The respondents themselves, public and private, do not pretend that the continued
occupancy of the leased premises after 31 May 1980, the date of expiration of the contract,
was with the acquiescence of the lessor. Even if it be assumed that tacita reconduccion
had occurred, the implied new lease could not possibly have a period of five years, but
rather would have been a month-to-month lease since the rentals (under the original
contract) were payable on a monthly basis. At the latest, an implied new lease (bad one
arisen) would have expired as of the end of July 1980 in view of the written demands
served by the petitioner upon the private respondents to vacate the previously leased
premises.

It follows that the respondent judge's decision requiring renewal of the lease has no basis in
law or in fact. Save in the limited and exceptional situations envisaged in Articles 1197 and
1670 of the Civil Code, which do not obtain here, courts have no authority to prescribe the
terms and conditions of a contract for the parties. As pointed out by Mr. Justice J.B.L.
Reyes in Republic vs, Philippine Long Distance Telephone, Co. , 18

"[P]arties cannot be coerced to enter into a contract where no agreement is had


between them as to the principal term and conditions of the contract. Freedom to
stipulate such terms and conditions is of the essence of our contractual system,
and by express provision of the statute, a contract may be annulled if tainted by
violence, intimidation or undue influence (Article 1306, 1336, 1337, Civil Code of
the Philippines).

Contractual terms and conditions created by a court for two parties are a contradiction
in terms. If they are imposed by a judge who draws upon his own private notions of what
"morals, good customs, justice, equity and public policy" demand, the resulting
"agreement" cannot, by definition, be consensual or contractual in nature. It would also
follow that such coerced terms and conditions cannot be the law as between the parties
themselves. Contracts spring from the volition of the parties. That volition cannot be
supplied by a judge and a judge who pretends to do so, acts tyrannically, arbitrarily and
in excess of his jurisdiction. 19

WHEREFORE, the Petition for Certiorari, Prohibition and Mandamus is granted. The Orders
of the respondent judge in Civil Case No. 1434 dated 26 September 1980 (denying
petitioner's motion to dismiss) and 4 November 1980 (denying petitioner's motion for
reconsideration), and the "Judgment by Default" rendered by the respondent judge dated 26
November 1980, are hereby annulled and set aside and Civil Case No. 1434 is hereby
dismissed. The temporary restraining order dated 21 November 1980 issued by this Court
is hereby made permanent. No pronouncement as to costs.

SO ORDERED.

Yap (Chairman), Narvasa, Melencio-Herrera, Cruz, Gancayco and Sarmiento, JJ., concur.

Footnotes

1. Rollo, p. 48, Annex "1" of Answer and Comment.

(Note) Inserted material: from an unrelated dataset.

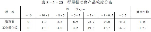 的轉動形成了筒繞Ⅰ號軸的公轉;Ⅱ號輪帶動Ⅵ號輪形成磨筒繞其自身軸的自轉。這種磨機兼有行星磨和振動磨二者的特點,具有高頻沖擊和磨剝的雙重作用,故磨碎作用強,是一種有效的超細磨碎設備。表3-5-20示出了用該磨機磨碎鋯英石和工業氧化鋁的產品粒度分布。

2. Id., pp. 14-17, Complaint, Annex "A" of Petition.

3. Id., p. 66, Annex "A" of Comment.

4. Id., p. 67, Annex "B " of Comment.

5. Id., pp. 14-17, Annex "A" of Petition.

6. Id., pp. 18-23, Annex "B" of Petition.

7. Id., pp. 24-26, Annex "C" of Petition.

8. Id., p. 29, Annex "F" of Petition.

9. Id., pp. 30-33, Annex "G" of Petition.

10. Id., pp. 38-39, Annex "I" of Petition.

11. Id., p. 40.

12. Id., p. 93.

13. On the issue of jurisdiction, respondent judge denied the motion to dismiss on the
erroneous assumption that barangay conciliation proceedings need not have been
undertaken since the complaint was "coupled with the provisional remedy of making
monthly deposits or consignment (sic) of the due and accruing rentals (with) this Court".
Consignation is not of course a provisional remedy, the Revised Rules of Court
enumerating only five such remedies, namely: attachment, preliminary injunction,
receivership, replevin and support pendente lite.

14. Ebol vs. Amin, 135 SCRA 438 (1985); see also Royales vs. Intermediate Appellate
Court, 127 SCRA 438 (1984).

15. Rollo, p. 35, Annex "G-1 " of Petition.


16. Id., pp. 43-47, at 45.

17. Id., pp. 120-122; underscoring in the original.

18. 26 SCRA 620 at 628 (1969).

19. The respondent judge ceased to be a judge in 1983; he was not re-appointed in
connection with the 1983 reorganization of the judiciary, under B.P. Blg. 129.